In this section we present a counterexample to the necessity of Condition 2”, resulting in the acceptance of Condition 2’. However the example is rather exotic, since it is hard to even find examples for which these two options disagree. (We have not found any in the literature.) Hence we do not put much weight on our preference of Condition 2’ over Condition 2”, as in practice this will hardly ever matter.

Example 8

In general, Billy throws rocks at bottles either if Suzy does not, or if he just feels like it. Today, Billy throws a rock at a bottle. Immediately afterwards Suzy throws a rock as well. Suzy’s rock was thrown harder, and gets there first, shattering the bottle. However Billy’s throw was also accurate, and would have shattered the bottle had it not been for Suzy.

To model this variant of the rock-throwing story, which combines elements of early and late preemption, we need to adjust the equation for \(\textit{BT}\), giving:

$$\begin{aligned} \textit{BS}&:= \textit{SA} \vee \textit{BA}.\\ \textit{SA}&:= \textit{ST} \wedge \textit{SAcc}.\\ \textit{BA}&:= \textit{BT} \wedge \textit{BAcc}.\\ \textit{BT}&:= \textit{Feels} \vee \lnot \textit{ST}. \end{aligned}$$

Here \(\textit{Feels}\) means that Billy just feels like throwing, regardless of what Suzy does. Hence the context is such that \(\textit{Feels}\) and \(\textit{ST}\) hold. An appropriate timing \(\tau \) is such that \(\tau (\textit{Feels}) \le \tau (\textit{BT})< \tau (\textit{ST}) \le \tau (\textit{SA}) \le \tau (\textit{BS}) < \tau (\textit{BA})\). The question is whether or not \(\textit{ST}\) is a cause of \(\textit{BS}\).

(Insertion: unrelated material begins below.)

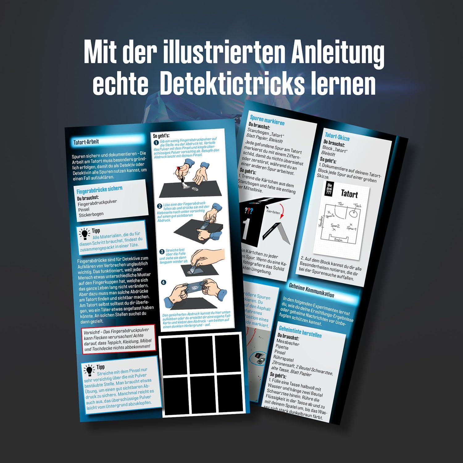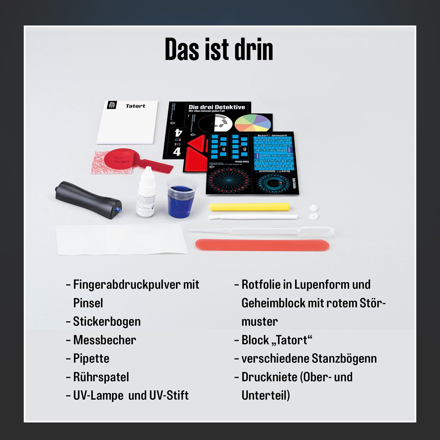 Mit der Detektiv-Ausrüstung rätselhafte Fälle lösen wie Justus, Peter und Bob! Nachwuchs-Detektive und Kino-Fans brauchen das richtige Werkzeug, um knifflige Kriminalfälle zu lösen, Beweise zu sichern, Fingerabdrücke sichtbar zu machen und geheime Botschaften zu entschlüsseln. Mit der UV-Lampe bleibt am Tatort nichts mehr verborgen. Wertvolle Tipps und Detektiv-Wissen gibt es in der Anleitung. Mit dem Grundausstattungs-Set für Einsteiger machen Kinder den ersten Schritt zum Profi-Ermittler um das Rätsel um den verschwundenen Karpatenhund lösen zu können!

Given that Suzy’s throw preempted Billy’s throw from shattering the bottle, the example looks similar to LP, which suggests that \(\textit{ST}\) is a cause. On the other hand, in the counterfactual story \(do(\lnot \textit{ST})\), Suzy’s not throwing contributes to the process that would have Billy’s rock shattering the bottle, just as with EP. Even more, we know that Billy was accurate, so there is no counterfactual story in which the bottle does not shatter, contrary to EP. Therefore the example is also similar to a switch, which suggests that \(\textit{ST}\) is not a cause.

We believe the first similarity, to LP, to be the more fundamental one: even though it may hold in general that \(\lnot \textit{ST}\) can produce \(\textit{BT}\), in this story we already know that Suzy threw after Billy did. So in this case, Suzy throwing or not throwing was completely irrelevant to Billy’s throw, which was instead produced by the fact that he felt like throwing. Therefore when considering what would have happened if Suzy had not thrown, the right answer is that \(\lnot \textit{ST}\) would not have produced anything (except for \(\lnot \textit{SA}\)), and just as with LP \(\textit{ST}\) should be judged a cause of \(\textit{BS}\).

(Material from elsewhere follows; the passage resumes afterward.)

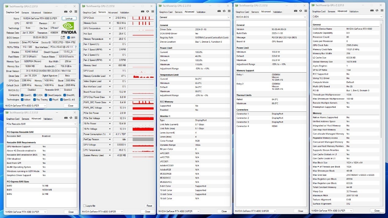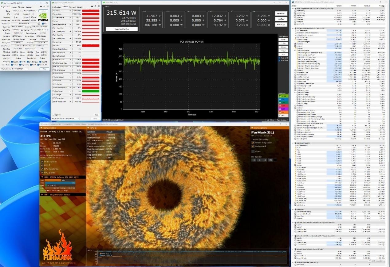 Furmark只能说明显卡在重度负载的情况下功耗表现,我们还使用HWINFO与PCAT工具对显卡对行功耗的监控。从不同的应用软件来看,索泰RTX 4080 SUPER TRINITY OC月白显卡功耗表现基本都是控制在TDP 320W以内。

Now we compare how Condition 2” and 2’ deal with this example. It is clear that \(\textit{ST}\) produced \(\textit{BS}\) in the actual story. In the counterfactual story, \(\lnot \textit{ST}\) contributes to \(\textit{BS}\). Therefore this is a counterexample to the necessity of Condition 2”.

The partial timing \(\tau _{\textit{do}(\lnot \textit{ST})}\) has \(\tau _{\textit{do}(\lnot \textit{ST})}(\textit{Feels}) \le \tau _{\textit{do}(\lnot \textit{ST})}(\textit{BT}) < \tau _{\textit{do}(\lnot \textit{ST})}(\lnot \textit{ST})\). Therefore \(\lnot \textit{ST}\) does not produce \(\textit{BT}\) w.r.t. \((M_{\textit{do}(\lnot \textit{ST})},u,\tau _{\textit{do}(\lnot \textit{ST})})\), which implies it does not produce \(\textit{BS}\) either. This is in agreement with the necessity of Condition 2’. We conclude from this that the right choice to make is to take the conjunction of Conditions 1 and 2’ as a sufficient and necessary condition for causation.

10 Discussion and results

Our principles have led us to propose the following definition of actual causation.

Definition 17

Given \((M,\mathbf {u},\tau ) \models C \wedge E\), we define C to be an actual cause of E w.r.t. \((M,\mathbf {u},\tau )\) if

C produces E w.r.t. \((M,\mathbf {u},\tau )\) and \(\lnot C\) does not produce E w.r.t. \((M_{\textit{do}(\lnot C)},\mathbf {u},\tau _{\textit{do}(\lnot C)})\).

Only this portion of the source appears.